On Jan. 11, as the Mao family continued its search for Jimmy, Renee Gilyard welcomed Johnson into her home as the latest in a long line of teens to benefit from her kindness.

“Everybody loved her in that whole neighborhood,” Quin Gilyard said of his mother. “She’s been there for 30-something years, in that same house, on that same block, and she never had any problems, ever.”

But right away, Gilyard said, his mother had misgivings about Johnson. Shortly after he arrived, as he was unpacking his belongings in Gilyard’s house, a detective was questioning him about Mao’s disappearance.

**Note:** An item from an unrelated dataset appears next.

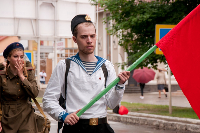«У меня эмоций – выше крыши, такая гордость, что мой дед воевал, что я иду в этом полку. И такое странное чувство, как будто всех людей какая-то невидимая нить соединяет, что есть что-то общее у всех, кто идёт в этой колонне, чувство гордости, сопричастности. Очень хорошо, что это всё проводится, если бы у нас ещё было бы больше каких-то реконструкций исторических, было бы вообще всё замечательно», – делится он впечатлениями.

In the evening of the day Johnson arrived, Gilyard took him to Central High School to watch her grandson play basketball, because she didn’t trust the teen alone in her house, her son said. Quin Gilyard was there, coaching the game. He remembered Johnson as being quiet, somewhat aloof.

“He wasn’t standoffish, but he was kind of like a recluse,” the son said. “She didn’t trust him from the moment she got him."

Johnson missed his 11 p.m. curfew two days in a row, Quin Gilyard said. On Jan. 14, Renee Gilyard called police, thinking Johnson had broken into her house after he didn’t come home in time and she had locked him out. It turned out that her son, driving by, saw Johnson outside and let him into the house.

Gilyard accepted that explanation, but made it clear, law enforcement sources said, that she didn’t want Johnson in her home and would find him another foster care placement.

Later that morning, police said, Johnson stabbed Gilyard to death, leaving her body in a bathtub. He left the house and went to hang out with friends. He took them to McDonald’s and bought sneakers with her stolen debit card, law enforcement sources said.

“He was only there for three days. The first day he was there, there was an 11 o’clock curfew, and he didn’t come back til 3,” Quin Gilyard said. “The second day he didn’t come back until 1. The third day he murdered her.”